Culinary history, especially relating to British cuisine, must pause and reflect on the advent of the Eccles cake, a flaky raisin pastry that is sometimes also called dead fly pie. Origins of this popular pastry date back to the mid or late 18th century, depending upon which version of the Eccles cake history you choose to believe. Some suggest the Eccles cake was really invented in Cheshire, and a recipe much like it exists in a cookbook published in 1769, written by Elizabeth Raffald. Others credit James Birch, a local Eccles shopkeeper for first selling the cakes in his corner shop on Vicarage Road.
Though disputes exist regarding exactly who invented the Eccles cake, there can be no argument on how popular these cakes became. Birch’s cakes sold quickly and there became high demand for these pastries. Birch was chary with his recipe, refusing to give it out, so recipes published for the cakes had to be reinvented by cookbook authors. Mrs. Raffald’s recipe differs slightly from the modern day interpretation. It contained a version of mincemeat surrounded by pastry.

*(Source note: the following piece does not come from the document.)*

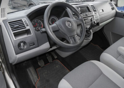 2 Clés pliantes de radiocommande pour le système de fermeture avec télécommande,2HP,3ème feu stop,4 jantes en acier 6.5Jx16,Accoudoir pour siège gauche dans la cabine,Affichage multifonctions ,Afficheur du niveau d’eau de lave-glace,Airbag pour conducteur et passager,Airbags frontaux AV avec désactivation airbag passager AV,Amortisseurs téléscopiques de type Mc Pherson,Anti-démarrage électronique,Appui lombaire pour siège individuel gauche dans la 1ère rangée de siège (réglable manuellement),Appuis-tête (réglables en hauteur et en inclinaison),Appuis-tête articulés et réglables en hauteur,Appuis-tête réglables en hauteur,Avertisseur sonore 2 tons,Banquette 2 places et un siège individuel à droite dans la 2e rangée de sièges,Banquette 3 places rabattables et birabattables dans la 3e RS (non posable en 4e RS pour système de fixation siège modulaire),Banquette double passagers à droite, dans la 1re rangée de sièges,Barres anti-roulis,Boîte à gants avec couvercle,Boîtiers des rétroviseurs et poignées de porte dans la couleur carosserie,Carrosserie autoporteurse tout en acier,Ceintures de sécurité 3 points à toutes les places,Ceintures de sécurité automatiques 3 points,Charnières pour portes AR/hayon en version normale,Châssis 16,Châssis à longeron et traverse,Chauffage d’appoint,Climatisation ,Climatisation semi-automatique ,Colonne de direction rétractable en cas de choc,Combiné d’instruments (km/h) affichage de la vitesse,Compteur kilométrique avec totalisateur journalier,Configuration 9 places (3+3+3) avec 2 sièges conducteuret banquette 2 place AV,Configuration 9 places (3+3+3) avec banquette passager 2 places dans la cabine conducteur + siège conducteur avec accoudoirs,Contrôle électronique de stabilisation avec assistant de freinage AFU,Correcteur électronique de trajectoire ESP,Déverrouillage hayon/capot AR de l’intérieur (électrique),Diffuseurs d’air pour fenêtres latérales dans le pavillon,Direction assistée avec colonne de direction de sécurité, réglable en hauteur et en longueur,Eclairage des instruments, avec gradateur,Eclairage diurne,Eclairage du marche-pied avec inscription ,Eclairage du marchepied, cabine et porte coulissante,Eclairage jour (allumé en permanence pendant la marche),Enjoliveurs intégraux 16,Essuie-glace AV à 2 vitesses et intermitence et lave-glace,Fenêtre coulissante à l’AV et fenêtre fixe à l’AR dans le compartiment de charge/passager à gauche,Fenêtre coulissante à l’AV et fenêtre fixe à l’AR,Feux AR de brouillard,Feux AR de brouillard, circulation à droite,Filtre à pollen et à poussière,Fonctionnement intermittent de l’essuie-glace,Freins à disque ventilés à l’AR,Freins à disque ventilés à l’AV,Garniture de plancher en feutre velours dans la cabine,Garniture de plancher en moquette dans le compartiment passagers,Habillage complet des parois latérales, du ciel de pavillon et du hayon,Hayon avec baie de fenêtre,Jantes en acier 6.5Jx16,Klaxon 2 tons,Lève-glaces électrique,Levier de vitesses de type ,Lunette AR (verre normal, dégivrante) avec essuie-glace/lave-glace de lunette AR,Miroir de courtoisie éclairé dans les pare-soleil l AV,Normes antipollution Euro5 (pour TDI avec filtre à particules diesel),Oeillets d’arrimage pour fixation de la charge,Ordinateur de bord ,Outillage de bord et cric renforcé,Pare-brise en verre feuilleté en verre athermique,Pare-chocs, rétroviseurs extérieurs et poignées de portes dans la teinte de la carrosserie,Pares-soleil y compris miroir de courtoisie (éclairé) avec cache et poche,Phares principaux halogènes en verre clair (H7) en style à double réflecteur,Pneus 205/65 R16C 107/105T,Poignée (rabattables et à retour freiné) sur le cadre de toit,Poignées de maintien passager AV,Points de fixation pour sièges-enfants ISOFIX (Banquette 3 places = 2 ; Siège individuel = 1),Porte coulissante à droite dans le compartiment de charge/passagers,Porte latérale coulissante droite avec sécurité enfants,Préparation radio,Préparation radio 2HP,Prise 12V,Protection bas de caisse,Protection centrale de roue,Protection de seuil de chargement en plastique,PTAC 3T,Réglage du site des phares,Réglage en hauteur pour siège individuel gauche dans la cabine,Régulateur de vitesse,Répétiteurs latéraux de clignotants,Réservoir en plastique 80 litres,Rétroviseur extérieur droit convexe,Rétroviseur extérieur gauche asphérique,Rétroviseur intérieur de sécurité à réglage jour/nuit,Rétroviseur intérieur jour/nuit,Rétroviseurs extérieurs électriques dégivrants,Rétroviseurs extérieurs réglables et dégivrants électriquement,Revêtement de sol AV et AR en moquette,Revêtement des sièges en tissu ,Revêtement intérieur de pavillon comme pavillon confort à 2 coques dans la cabine et compartiment passagers,Roue de secours (acier) avec pneu normal,Roue de secours en acier de taille normale avec cric et outillage,Sans ancrage de sièges supplémentaires,Sans barres de toit/galerie porte-bagages,Sécurité enfants pour portes et hayons dans le compartiment passagers,Sellerie en tissu ,Siège conducteur réglable en hauteur avec réglage lombaire et accoudoir,Signal sonore et lumineux pour ceinture de sécurité conducteur non attachée,Stores pare-soleil sur les fenêtres latérales dans le compartiment passager,Suspension AR indépendante,Suspension AV indépendante,Suspension et amortissement (standard),Système de freinage hydraulique avec freins à disque ventilés,Système de plafonnier dans le compartiment passagers,Système de redémarrage du moteur après arrêt avec récupération de l’énergie de freinage,Tableau de bord standard Plus,Toit normal avec fixations pour galeries porte-bagages : 8 pour empattement court,Trappe à carburant, verrouillée par fermeture porte conducteur,Trappe à essence verrouillable,Verre athermique (vert) dans la cabine et dans le compartiment de charge/passage

Birch’s version also very likely contained brandy, and may have had raisins and apples. The cakes were soon popular exports, and many attested to their ability to “keep” — even when imported across the ocean to American settlers. This suggests that most Eccles cakes originally had alcohol, with an interior very similar to mincemeat, which would have helped preserve the cakes as exports to both America and the West Indies.
The modern Eccles cake is a combination of cooked currants or raisins, candied fruit or citron, butter, sugar and spices like nutmeg. Flaky pastry, which can vary from puff pastry to more typical piecrust pastry, is rolled out, and cut into circles. Each circle gets a dollop of the fruit mix, and then is folded up to produce a bun-like shape, which can be crimped. The pastries can then be brushed with a little egg wash, or sprinkled with sugar before they’re baked in the oven.
You’ll also find square, rectangular, and half moon versions. The most standard version often features several wide cuts in the top. This allows you to see the raisins or “flies,” which fill the interior of the pastry.
Sizes of the Eccles cake vary. Some recipes recommend a width of about four inches (approximately 10 centimeters) for each circle. This provides an easy to hold treat, though if you can bear it, do allow the cakes to cool before you eat them, since the filling will be very hot. Legions of Eccles cake fans can hardly wait for them to cool, and argue they are best eaten when still quite warm.